Is there some way I can achieve this effect? In the worst case, maybe there is an efficient hack I could use where I create my own primitive type and do some bit manipulation to extract a, b, and c. (Of course, that would not be ideal. I’d still be interested in the possibility.)

To be clear, there are 4 things I’m interested in, and would be interested in hearing about progress toward achieving any of them.

  1. Reducing memory consumption by not storing an array of pointers.
  2. Reducing memory consumption by allocating many compound types together rather than individually allocating, e.g., 10,000,000 Foos. (This may already happen at various levels by cool Julia internals, but I’m referring to the metadata that must be stored for allocated chunks of memory.)
  3. Improving efficiency by directly accessing data in the array rather than having to dereference another pointer.
  4. Maintaining the ability to use convenient syntax like v[5].a while doing the above (but I’d be interested in solutions that don’t allow that syntax too).

Thanks.


#2

Use immutable (struct on 0.6) and this will happen automatically.

You won’t me able to modify individual fields like this but there is a PR to enable something equivalent.


#3

Immutables are value types which do exactly what you describe. The type parameter on the array tells it to compile with the values inlined. So as long as you make an array of immutables which is strictly typed, you’ll be a happy camper.


#4

A PR is a something request? Cool. (Yeah, it would be nice to have something mutable.)

Yeah, I guess I should start using “struct”. Weird that I don’t get any deprecation warnings (on 0.6).

The other thing that it would be nice to avoid with the immutables, is everything is copied when you pass them around. …not good if they are very large. Maybe, I want too much…

Thanks.


#5

(edit: I had an original question in this reply about structs with references to other structs of the same type. It turns out that if you have an array of self-referential, immutable structs, the array gets allocated as an array of references. IIn that case, it makes sense to just store an index to the item of interest. There could still be value in having objects that actually have recursive references though because all such objects might not be in the same array.)

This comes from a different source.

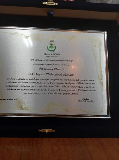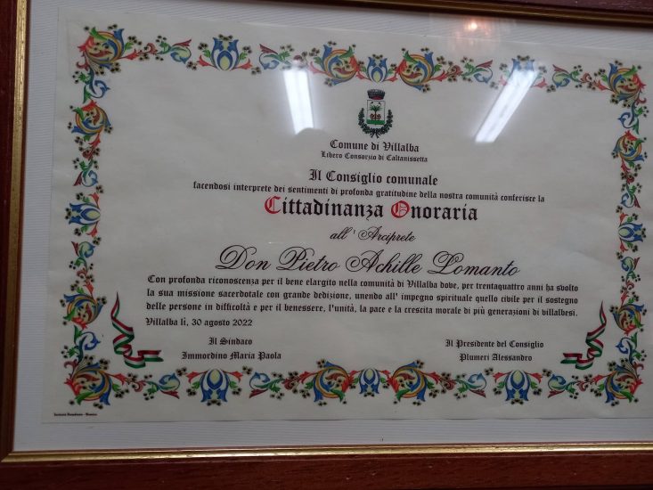 VILLALBA – Nel pomeriggio di oggi, 30 agosto 2022 alle ore 17, presso l’aula consiliare del Comune di Villalba, presieduto dal presidente Alessandro Plumeri, presente il sindaco Maria Paola Immordino e la sua giunta al completo nonché i consiglieri, si è riunito il consiglio comunale che ha conferito la “cittadinanza onoraria” all’Arciprete – parroco Padre Achille Lomanto, che lascia la comunità villalbese dopo 34 anni di esercizio del suo ministero pastorale. Il sacerdote ha ringraziato e sono seguiti gli applausi da parte di tutti i presenti, compreso il numeroso pubblico. E’ stata consegnata una pergamena del consiglio comunale a firma del suo presidente, Alessandro Plumeri, ed una targa con dedica dove si legge: “Il Sindaco e l’Amministrazione Comunale con sentimento di profonda gratitudine conferiscono CITTADINANZA ONORARIA All’Arciprete Padre Achille Lomanto con eterna gratitudine per la dedizione ed impegno ineccepibile nella cura pastorale della nostra parrocchia. Mai prima di adesso la costanza del suo lavoro e lo zelo evangelico ha relegato a Villalba anni di viva partecipazione ecclesiastica e cura certosina della nostra chiesa. Non per ultimo il restauro della Chiesa Madre rimarrà a perenne ricordo della sua vita in amore per la nostra parrocchia. Il Signore conceda ogni benedizione e grazia a Lei e alla nostra gente in aeternum. Villalba 30 agosto 2022 Il sindaco Maria Paola Immordino” Al riguardo, tanti gli apprezzamenti sul social, fra cui quello di un internauta che ha così postato: “Cittadinanza meritata. Ha fatto molto per la chiesa Villalbese e per il paese”. Intanto, domani pomeriggio, alle ore 18,30, presenti il Vescovo mons. Mario Russotto, le autorità civili e militari, le confraternite, congregazioni ed associazioni, nella chiesa madre di Mussomeli, ci sarà l’insediamento del nuovo Arciprete parroco, nella persona del mussomelese, appunto, Padre Achille Lo Manto, che succede a don Pietro Genco

I’m still curious if there is any way to achieve any of what I want with mutable structs though.

Thanks.


#6

If you intend to put Foo objects in an array, you could store the index of the next Foo object instead of a pointer to the next object.

(edit: looks like you came to the same conclusion)


#7

Yeah, good call. Thanks adamsic.


#8

I’m not an expert, but I don’t think this is true. Immutable allows the compiler the flexibility to copy or not copy, while a mutable can’t be copied and needs to be passed by reference. Immutables are usually pretty small though, so I think it would copy it onto the stack.

Moreover, a Vector{Foo} is an array of immutables, but the array itself is mutable and wouldn’t be copied when you pass it to a function. It’s just like a Vector{Int64}, but with space for 3 Ints. You can swap any individual Foo with a new instance, but you have to replace the entire Foo, not an individual element of it.


#9

I wrote a macro package on my github page called ModifyField.jl that macro-expands

   @modify_field! v[5].a = 0

into

   v[5] = Foo(0, v[5].b, v[5].c)

This way, you can use immutables and still have the cleaner non-immutable syntax for modifying fields. However, I have not updated this package since about Julia version 0.4.1 because I’m not sure anyone is actually using it, so it may not work any more.